YouTube founders are back with MixBit; a potential Instagram killer

9 Aug 2013

Pictured: Chad Hurley and Steve Chen, co-founders of MixBit

YouTube co-founders Steve Chen and Chad Hurley are back in the start-up game with a new video-sharing app called MixBit that could drive inroads into the market currently dominated by Instagram and Vine.

However, unlike the other apps that capture single sequences of video, MixBit enables users to mix, edit and stitch together videos.

MixBit videos are also a second longer at 16 seconds compared with Instagram and Vine’s 15 second durations respectively.

The app – available for both iOS and very soon for Android devices – launches with a sister website MixBit.com that allows users to edit up to 256 clips into a one hour-long video, turning ordinary consumers into movie directors in their own right.

As well as sharing with the MixBit community final film can then be blasted out into the social networking world via Twitter, Facebook and Google+.
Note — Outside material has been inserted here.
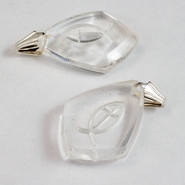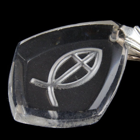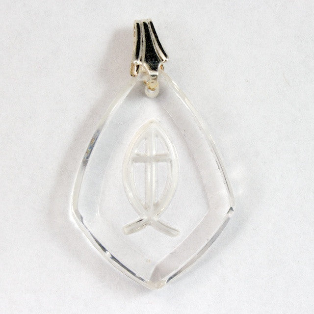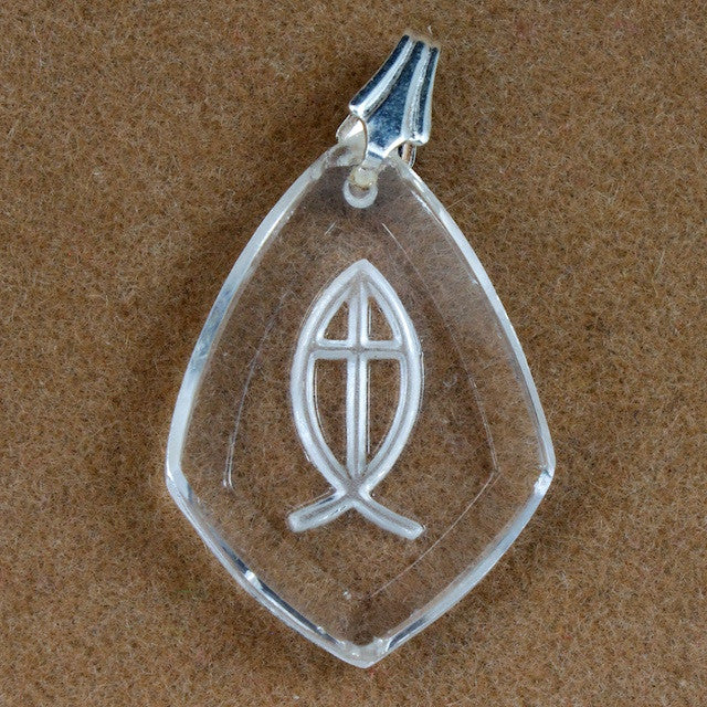 15mm x 25mm clear glass pointed kite pendant with etched fish symbol.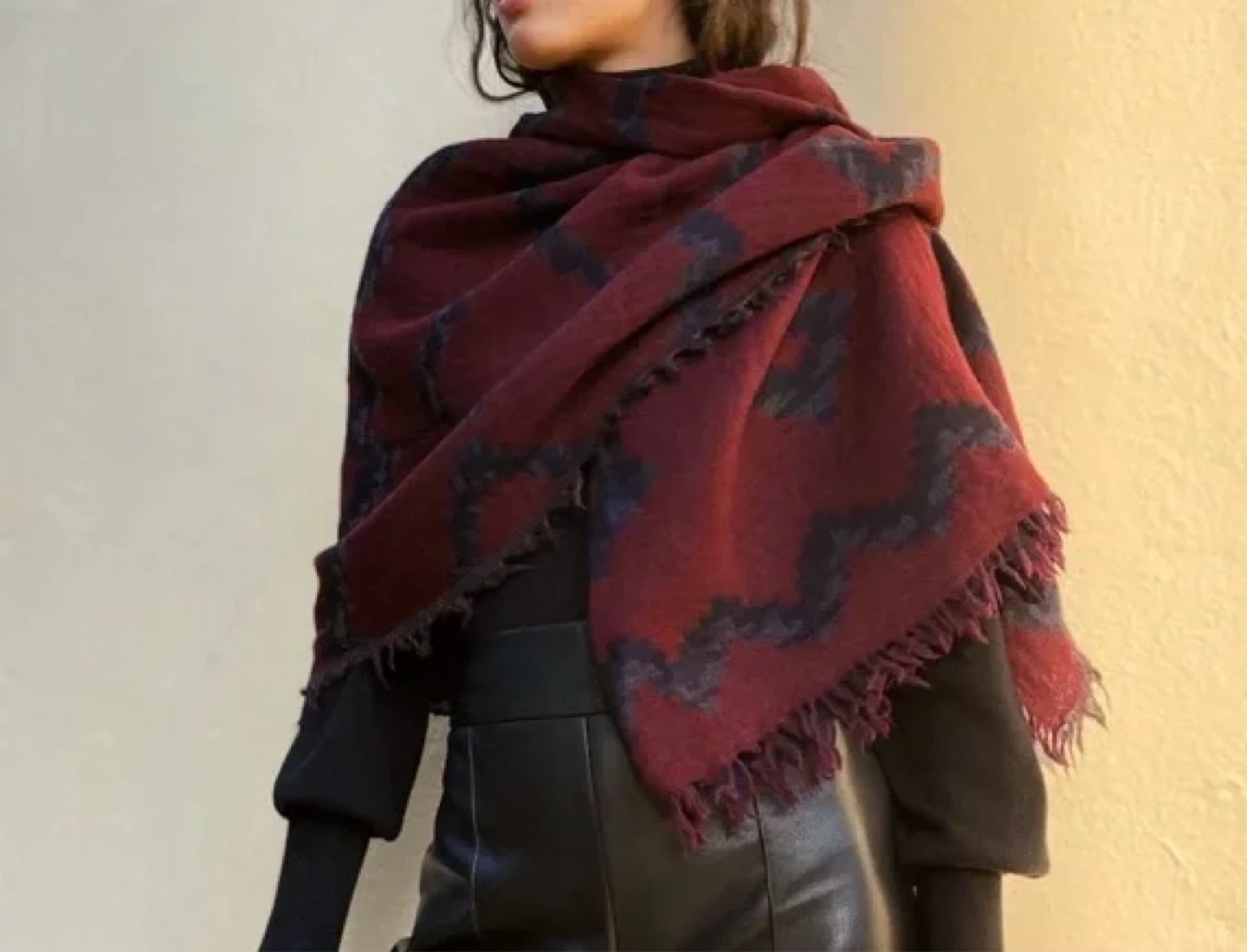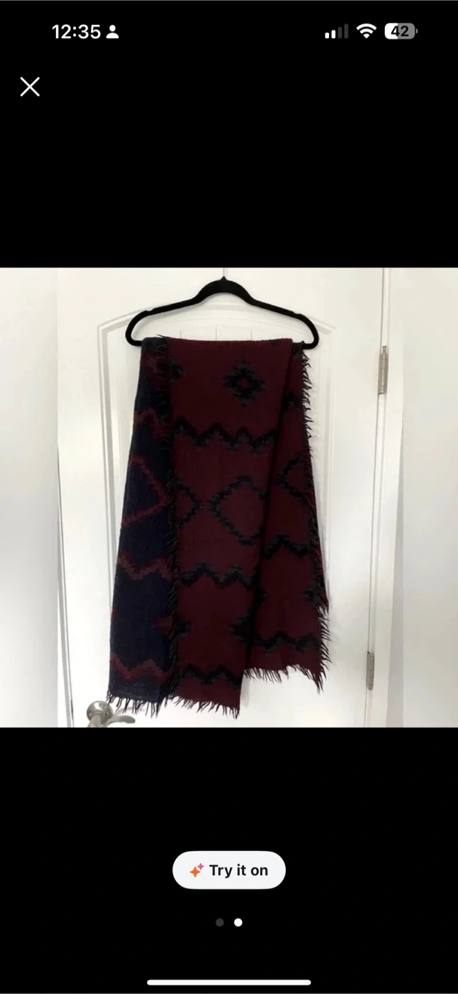 This is an Aritzia Wilfred blanket scarf. It features a maroon and navy pattern with fringe detailing. It's a large woven throw blanket that's perfect for keeping cozy.

“The MixBit website is a community of creators. We believe everyone has something interesting to say,” the founders say on their website.

“We give people fun, intuitive tools to help them tell stories together. We think video should be a living, breathing entity and that creativity is a collaborative process. More than simply capturing brief moments in time, we help people bring stories to life.”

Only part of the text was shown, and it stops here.